===== Data

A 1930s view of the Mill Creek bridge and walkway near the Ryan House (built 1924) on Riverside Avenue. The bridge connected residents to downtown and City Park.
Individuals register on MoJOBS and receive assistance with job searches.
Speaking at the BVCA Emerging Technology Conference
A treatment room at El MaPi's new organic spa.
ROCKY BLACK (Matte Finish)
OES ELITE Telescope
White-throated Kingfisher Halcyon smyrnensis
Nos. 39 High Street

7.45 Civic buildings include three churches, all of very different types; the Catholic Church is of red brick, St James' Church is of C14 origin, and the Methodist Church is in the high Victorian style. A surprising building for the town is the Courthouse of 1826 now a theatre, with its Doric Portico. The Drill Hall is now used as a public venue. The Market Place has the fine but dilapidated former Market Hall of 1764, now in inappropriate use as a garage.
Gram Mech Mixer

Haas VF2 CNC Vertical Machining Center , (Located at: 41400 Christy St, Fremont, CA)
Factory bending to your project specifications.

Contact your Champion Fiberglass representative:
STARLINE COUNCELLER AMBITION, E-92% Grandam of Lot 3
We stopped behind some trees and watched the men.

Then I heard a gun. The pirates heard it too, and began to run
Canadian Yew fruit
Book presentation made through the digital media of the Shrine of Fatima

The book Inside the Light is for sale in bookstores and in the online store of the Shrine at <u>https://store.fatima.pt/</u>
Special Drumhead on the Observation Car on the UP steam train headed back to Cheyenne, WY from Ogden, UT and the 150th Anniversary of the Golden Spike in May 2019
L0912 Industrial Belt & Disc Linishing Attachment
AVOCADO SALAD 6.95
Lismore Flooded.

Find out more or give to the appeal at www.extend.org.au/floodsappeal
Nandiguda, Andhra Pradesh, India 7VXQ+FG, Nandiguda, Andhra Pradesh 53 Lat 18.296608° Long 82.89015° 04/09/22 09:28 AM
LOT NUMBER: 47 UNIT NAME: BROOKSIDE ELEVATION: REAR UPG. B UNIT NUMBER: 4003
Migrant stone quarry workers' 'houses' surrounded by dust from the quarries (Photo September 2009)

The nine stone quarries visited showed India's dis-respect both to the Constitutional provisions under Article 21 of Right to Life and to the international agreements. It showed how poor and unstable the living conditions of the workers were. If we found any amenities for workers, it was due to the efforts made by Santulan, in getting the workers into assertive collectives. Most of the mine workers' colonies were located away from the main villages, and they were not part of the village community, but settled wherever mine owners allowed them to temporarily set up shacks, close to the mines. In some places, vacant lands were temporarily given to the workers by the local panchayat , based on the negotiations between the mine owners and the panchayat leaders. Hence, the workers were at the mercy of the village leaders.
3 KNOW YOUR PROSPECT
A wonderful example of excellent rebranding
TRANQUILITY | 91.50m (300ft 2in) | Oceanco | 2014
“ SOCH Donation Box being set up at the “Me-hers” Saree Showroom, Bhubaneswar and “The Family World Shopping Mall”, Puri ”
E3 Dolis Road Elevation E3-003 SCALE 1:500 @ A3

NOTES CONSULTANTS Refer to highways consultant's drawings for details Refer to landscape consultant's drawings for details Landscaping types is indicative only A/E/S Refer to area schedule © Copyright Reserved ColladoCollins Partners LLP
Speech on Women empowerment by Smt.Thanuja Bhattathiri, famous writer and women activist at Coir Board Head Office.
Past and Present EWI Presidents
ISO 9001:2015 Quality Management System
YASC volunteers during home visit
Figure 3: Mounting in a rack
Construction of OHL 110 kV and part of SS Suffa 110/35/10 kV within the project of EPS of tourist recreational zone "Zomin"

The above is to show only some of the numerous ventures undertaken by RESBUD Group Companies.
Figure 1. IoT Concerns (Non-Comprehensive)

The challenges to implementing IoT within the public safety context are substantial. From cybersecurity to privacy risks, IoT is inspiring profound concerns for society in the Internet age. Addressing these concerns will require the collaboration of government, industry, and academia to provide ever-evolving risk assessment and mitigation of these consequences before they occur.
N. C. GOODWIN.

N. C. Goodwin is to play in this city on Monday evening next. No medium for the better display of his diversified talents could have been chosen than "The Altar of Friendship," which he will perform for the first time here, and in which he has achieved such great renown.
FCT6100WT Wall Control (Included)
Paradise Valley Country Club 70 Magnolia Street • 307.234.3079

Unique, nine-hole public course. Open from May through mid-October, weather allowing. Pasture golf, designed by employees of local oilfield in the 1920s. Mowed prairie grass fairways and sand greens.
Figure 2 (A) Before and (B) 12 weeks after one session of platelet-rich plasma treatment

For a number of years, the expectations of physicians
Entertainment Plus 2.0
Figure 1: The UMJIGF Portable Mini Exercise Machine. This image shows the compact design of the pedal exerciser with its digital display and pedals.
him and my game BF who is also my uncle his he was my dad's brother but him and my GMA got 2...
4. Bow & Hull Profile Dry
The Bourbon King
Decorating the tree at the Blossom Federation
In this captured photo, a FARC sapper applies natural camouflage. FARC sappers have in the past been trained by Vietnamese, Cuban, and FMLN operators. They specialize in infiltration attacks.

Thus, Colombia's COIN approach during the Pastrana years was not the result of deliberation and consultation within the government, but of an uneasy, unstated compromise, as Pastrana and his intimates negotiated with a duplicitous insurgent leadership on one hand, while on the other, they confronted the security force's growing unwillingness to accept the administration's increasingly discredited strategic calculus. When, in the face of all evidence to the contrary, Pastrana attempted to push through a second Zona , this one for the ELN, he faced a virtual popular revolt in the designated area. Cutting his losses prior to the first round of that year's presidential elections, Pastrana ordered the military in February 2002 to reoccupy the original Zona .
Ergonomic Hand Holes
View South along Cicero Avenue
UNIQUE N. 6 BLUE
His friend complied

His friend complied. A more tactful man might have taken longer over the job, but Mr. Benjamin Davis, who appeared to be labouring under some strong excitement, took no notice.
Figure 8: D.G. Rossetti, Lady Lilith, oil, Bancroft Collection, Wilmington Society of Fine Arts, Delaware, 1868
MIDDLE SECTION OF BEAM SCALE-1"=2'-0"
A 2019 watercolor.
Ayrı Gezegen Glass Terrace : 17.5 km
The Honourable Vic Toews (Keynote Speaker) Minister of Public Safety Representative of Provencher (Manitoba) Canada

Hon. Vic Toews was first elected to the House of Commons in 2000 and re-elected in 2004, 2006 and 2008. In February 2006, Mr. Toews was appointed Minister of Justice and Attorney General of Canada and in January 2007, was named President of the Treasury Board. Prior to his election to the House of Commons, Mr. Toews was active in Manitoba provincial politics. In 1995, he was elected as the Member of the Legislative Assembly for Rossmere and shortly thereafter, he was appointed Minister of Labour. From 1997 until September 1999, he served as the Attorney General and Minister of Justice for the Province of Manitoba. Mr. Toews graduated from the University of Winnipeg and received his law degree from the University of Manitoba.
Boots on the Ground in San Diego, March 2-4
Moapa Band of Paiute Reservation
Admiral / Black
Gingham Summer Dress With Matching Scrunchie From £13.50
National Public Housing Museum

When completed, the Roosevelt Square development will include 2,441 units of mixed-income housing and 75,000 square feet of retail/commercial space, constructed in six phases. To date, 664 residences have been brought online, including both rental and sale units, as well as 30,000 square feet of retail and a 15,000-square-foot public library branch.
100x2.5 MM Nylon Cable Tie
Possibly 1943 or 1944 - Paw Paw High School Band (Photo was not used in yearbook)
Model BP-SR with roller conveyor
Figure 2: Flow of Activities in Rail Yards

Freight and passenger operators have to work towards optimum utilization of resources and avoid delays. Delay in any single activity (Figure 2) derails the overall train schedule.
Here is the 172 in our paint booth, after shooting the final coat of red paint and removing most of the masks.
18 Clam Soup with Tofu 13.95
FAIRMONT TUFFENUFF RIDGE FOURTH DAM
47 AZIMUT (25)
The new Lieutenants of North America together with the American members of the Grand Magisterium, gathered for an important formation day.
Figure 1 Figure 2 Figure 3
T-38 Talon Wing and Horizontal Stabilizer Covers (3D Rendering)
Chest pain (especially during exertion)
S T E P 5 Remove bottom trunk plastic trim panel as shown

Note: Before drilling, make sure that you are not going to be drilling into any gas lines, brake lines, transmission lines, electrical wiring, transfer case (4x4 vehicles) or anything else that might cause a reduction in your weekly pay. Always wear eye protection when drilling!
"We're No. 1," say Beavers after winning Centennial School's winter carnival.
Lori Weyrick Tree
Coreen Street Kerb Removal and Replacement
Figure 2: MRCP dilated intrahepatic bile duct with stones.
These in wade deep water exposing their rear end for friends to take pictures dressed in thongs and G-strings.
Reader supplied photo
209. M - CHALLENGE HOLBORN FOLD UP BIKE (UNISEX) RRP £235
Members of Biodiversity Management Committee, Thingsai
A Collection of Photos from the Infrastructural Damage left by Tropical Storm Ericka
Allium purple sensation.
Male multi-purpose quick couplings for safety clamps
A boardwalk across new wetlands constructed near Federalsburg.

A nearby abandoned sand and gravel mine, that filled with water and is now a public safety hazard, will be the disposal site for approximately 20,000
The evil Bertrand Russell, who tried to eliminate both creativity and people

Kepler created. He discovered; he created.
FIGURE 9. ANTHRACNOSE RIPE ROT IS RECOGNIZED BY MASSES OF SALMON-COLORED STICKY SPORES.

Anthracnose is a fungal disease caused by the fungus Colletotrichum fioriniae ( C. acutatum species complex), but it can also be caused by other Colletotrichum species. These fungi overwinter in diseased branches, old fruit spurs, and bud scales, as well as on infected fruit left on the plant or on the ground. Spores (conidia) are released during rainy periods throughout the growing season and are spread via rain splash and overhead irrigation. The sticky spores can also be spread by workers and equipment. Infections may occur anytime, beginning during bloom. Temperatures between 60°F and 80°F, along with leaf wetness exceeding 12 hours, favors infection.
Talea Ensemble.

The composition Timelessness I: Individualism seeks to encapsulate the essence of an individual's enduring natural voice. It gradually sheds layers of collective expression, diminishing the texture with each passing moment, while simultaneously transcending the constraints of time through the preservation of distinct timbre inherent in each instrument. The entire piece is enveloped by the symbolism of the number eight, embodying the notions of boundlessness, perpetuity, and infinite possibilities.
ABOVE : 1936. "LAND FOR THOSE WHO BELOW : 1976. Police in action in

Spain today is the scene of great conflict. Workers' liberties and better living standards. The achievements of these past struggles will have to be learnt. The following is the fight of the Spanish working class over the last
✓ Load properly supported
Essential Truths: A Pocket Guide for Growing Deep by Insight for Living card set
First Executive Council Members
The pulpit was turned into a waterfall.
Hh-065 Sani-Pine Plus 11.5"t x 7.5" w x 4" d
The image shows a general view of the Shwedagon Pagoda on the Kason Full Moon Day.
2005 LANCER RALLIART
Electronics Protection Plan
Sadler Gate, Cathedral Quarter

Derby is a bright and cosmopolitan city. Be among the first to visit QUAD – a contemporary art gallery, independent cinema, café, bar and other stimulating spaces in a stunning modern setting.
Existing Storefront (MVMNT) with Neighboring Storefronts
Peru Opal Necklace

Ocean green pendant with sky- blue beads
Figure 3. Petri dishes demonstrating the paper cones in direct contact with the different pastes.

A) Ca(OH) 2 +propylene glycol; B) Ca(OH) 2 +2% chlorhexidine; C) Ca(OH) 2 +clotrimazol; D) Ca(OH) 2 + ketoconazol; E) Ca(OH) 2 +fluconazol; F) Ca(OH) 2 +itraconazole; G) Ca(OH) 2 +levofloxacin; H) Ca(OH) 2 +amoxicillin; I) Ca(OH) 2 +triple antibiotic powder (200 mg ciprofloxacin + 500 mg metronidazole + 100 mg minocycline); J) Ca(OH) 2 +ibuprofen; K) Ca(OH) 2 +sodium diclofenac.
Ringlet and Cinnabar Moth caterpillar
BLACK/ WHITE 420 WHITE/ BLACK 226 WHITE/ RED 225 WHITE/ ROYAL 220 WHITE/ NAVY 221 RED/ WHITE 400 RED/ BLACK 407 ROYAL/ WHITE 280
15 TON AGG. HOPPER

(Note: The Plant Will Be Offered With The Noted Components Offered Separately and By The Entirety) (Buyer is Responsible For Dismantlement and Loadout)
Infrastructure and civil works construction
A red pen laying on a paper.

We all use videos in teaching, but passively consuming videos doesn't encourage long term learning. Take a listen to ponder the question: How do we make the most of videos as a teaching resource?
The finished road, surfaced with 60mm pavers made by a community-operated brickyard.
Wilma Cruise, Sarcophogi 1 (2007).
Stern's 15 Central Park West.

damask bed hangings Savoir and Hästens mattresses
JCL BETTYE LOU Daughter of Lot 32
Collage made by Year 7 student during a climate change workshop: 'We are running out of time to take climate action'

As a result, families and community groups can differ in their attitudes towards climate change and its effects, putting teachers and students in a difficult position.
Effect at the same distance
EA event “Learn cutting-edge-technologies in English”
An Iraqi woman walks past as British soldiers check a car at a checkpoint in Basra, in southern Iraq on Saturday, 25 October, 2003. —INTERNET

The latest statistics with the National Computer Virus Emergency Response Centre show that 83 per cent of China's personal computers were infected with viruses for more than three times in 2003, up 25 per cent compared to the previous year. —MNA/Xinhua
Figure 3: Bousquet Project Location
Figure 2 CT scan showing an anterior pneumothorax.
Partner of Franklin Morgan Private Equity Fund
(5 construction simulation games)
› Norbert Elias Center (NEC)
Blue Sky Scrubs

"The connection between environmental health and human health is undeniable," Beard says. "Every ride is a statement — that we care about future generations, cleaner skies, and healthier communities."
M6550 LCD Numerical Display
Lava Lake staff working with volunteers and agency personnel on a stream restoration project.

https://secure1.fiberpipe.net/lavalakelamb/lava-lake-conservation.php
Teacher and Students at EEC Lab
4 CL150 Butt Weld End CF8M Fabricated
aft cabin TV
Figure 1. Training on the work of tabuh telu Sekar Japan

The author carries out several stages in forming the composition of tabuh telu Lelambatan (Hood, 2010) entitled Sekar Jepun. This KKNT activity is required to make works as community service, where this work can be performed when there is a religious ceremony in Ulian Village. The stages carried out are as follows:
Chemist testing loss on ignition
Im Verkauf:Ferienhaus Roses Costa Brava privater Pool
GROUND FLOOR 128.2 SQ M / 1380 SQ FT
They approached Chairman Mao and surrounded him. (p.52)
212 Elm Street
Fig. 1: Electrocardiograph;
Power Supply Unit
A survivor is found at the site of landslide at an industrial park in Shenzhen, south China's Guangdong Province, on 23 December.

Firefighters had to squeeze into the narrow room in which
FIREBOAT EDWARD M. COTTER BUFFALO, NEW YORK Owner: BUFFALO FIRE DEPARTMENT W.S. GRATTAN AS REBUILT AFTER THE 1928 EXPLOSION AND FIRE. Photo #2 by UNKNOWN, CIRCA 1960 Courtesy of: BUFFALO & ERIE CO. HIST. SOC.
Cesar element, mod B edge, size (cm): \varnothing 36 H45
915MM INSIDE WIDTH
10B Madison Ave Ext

==========

## Problem to work on
Which lines above run from the one containing "A treatment room" to the one containing "Nos. 39 High Street"? Give them again exactly, both ends included.

## Exercise answer
A treatment room at El MaPi's new organic spa.
ROCKY BLACK (Matte Finish)
OES ELITE Telescope
White-throated Kingfisher Halcyon smyrnensis
Nos. 39 High Street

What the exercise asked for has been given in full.